If we consider the ignored value of laws and policing as they allow the libertarian dream of worshipping private property, it takes little critical unpacking to recognize that laws and policing, in practice, often also mis-serve humanity — resulting in the U.S. in a racial divide in attitudes about policing.
In short, policing as public service (an ideal) is a dramatic difference when compared to a police state, a militarized police force (a reality).
The no-government refrain as a rejection of bureaucracy is often buoyed by a similar misinterpretation of “socialism” and “communism” as inherently totalitarian. Again, this is a conflict between the ideal and reality (as most point to communist regimes throughout history that functioned as totalitarian states).
There is a valid reason to feel compassion for those fearing a totalitarian state:
Ultimately, the garbled and illogical libertarian lie, the no-government ploy, prevents the sort of imagination necessary in the U.S. to understand that publicly funded institutions are foundational to ideological commitments to personal property and the so-called free market.
The lazy shouting also detracts from evidence that government — as publicly funded services — can work to support our humanity, not erase it as in Kafka.
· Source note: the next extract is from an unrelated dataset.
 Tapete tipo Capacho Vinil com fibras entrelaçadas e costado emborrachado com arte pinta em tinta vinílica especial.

Consider, for example, a Twitter thread from Mary Robinette Kowal about her experiences with publicly funded healthcare in Iceland — a more humane, affordable, and efficient experience than anything available in the U.S.
This is not idealism, but a possible reality, an alternative reality.
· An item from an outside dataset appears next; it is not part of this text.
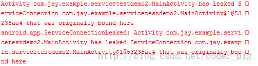 如果我們再綁定後直接關掉Activity的話會報錯, 然後會自動調用onUnbind和onDestory方法!

Just as publicly funded roads and highways make robust commerce possible, many basic needs of a free people can and should be fully publicly funded so that our free market not only works better but more humanely — universal public education (K-16) and healthcare, for example.
Setting aside Thoreau’s idealism and hyperbole, and shifting away from his essential libertarian lie, we too should be asking for “not at once no government, but at once a better government.”